Design & Setting: This study is a prospective clinical trial comparing sEMG output in an active treatment group and two control groups in an outpatient chiropractic clinic, Phoenix, AZ, USA.
Subjects: Forty low back pain (LBP) subjects participated in the study. Twenty LBP patients (9 females and 11 males with a mean age of 35 years and 51 years, respectively) and twenty age and gender matched sham-SMT/control LBP patients (10 females and 10 males with a mean age of 40 years and 52 years, respectively) were assessed.

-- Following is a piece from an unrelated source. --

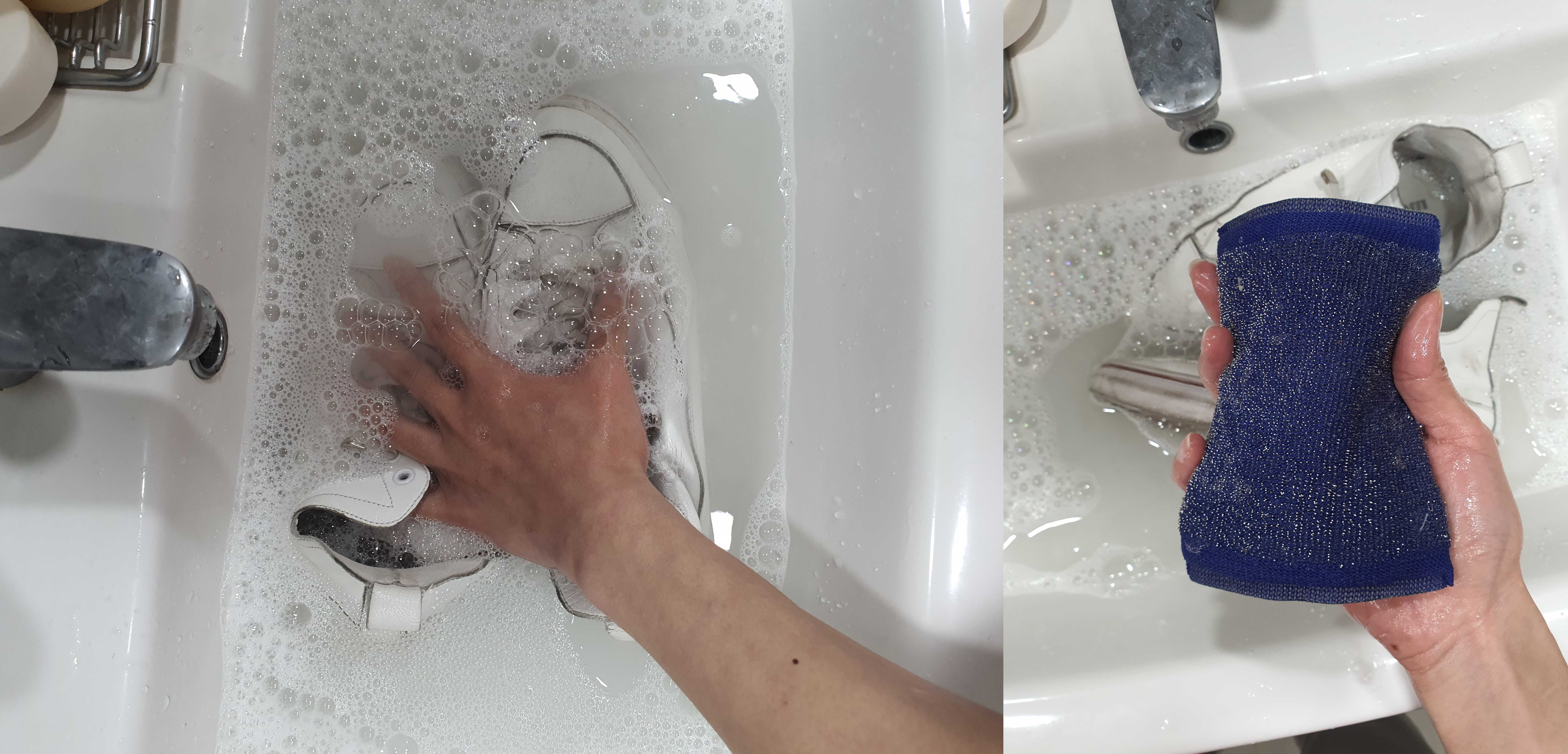 3) 그리고 운동화를 세제 물에 담근 다음 운동화 테두리를 수세미로 문질러주세요.

Methods: Twenty consecutive LBP patients (SMT treatment group) performed maximum voluntary contraction (MVC) isometric trunk extensions while lying prone on a treatment table. Surface, linear enveloped sEMG was recorded from the erector spinae musculature at L3 and L5 during the trunk extension procedure. Subjects were then assessed using the Activator Methods Chiropractic Technique (AMCT) protocol, during which time they were treated using MFMA SMT. The MFMA SMT treatment was followed by a dynamic stiffness and algometry assessment, after which a second or post MVC isometric trunk extension and sEMG assessment was performed. Another twenty consecutive LBP subjects were assigned to one of two control groups, a sham-SMT group, and a control group. The sham-SMT group underwent the same experimental protocol with the exception that the subjects received a sham-MFMA SMT and dynamic stiffness assessment. The control group received no SMT treatment, stiffness assessment, or algometry assessment intervention. Within group analysis of MVC sEMG output (pre-SMT vs. post-SMT sEMG output) and across group analysis of MVC sEMG output ratio (post-SMT sEMG/pre-SMT sEMG output) during MVC was performed using a paired observations t-test (POTT) and a robust analysis of variance (RANOVA), respectively.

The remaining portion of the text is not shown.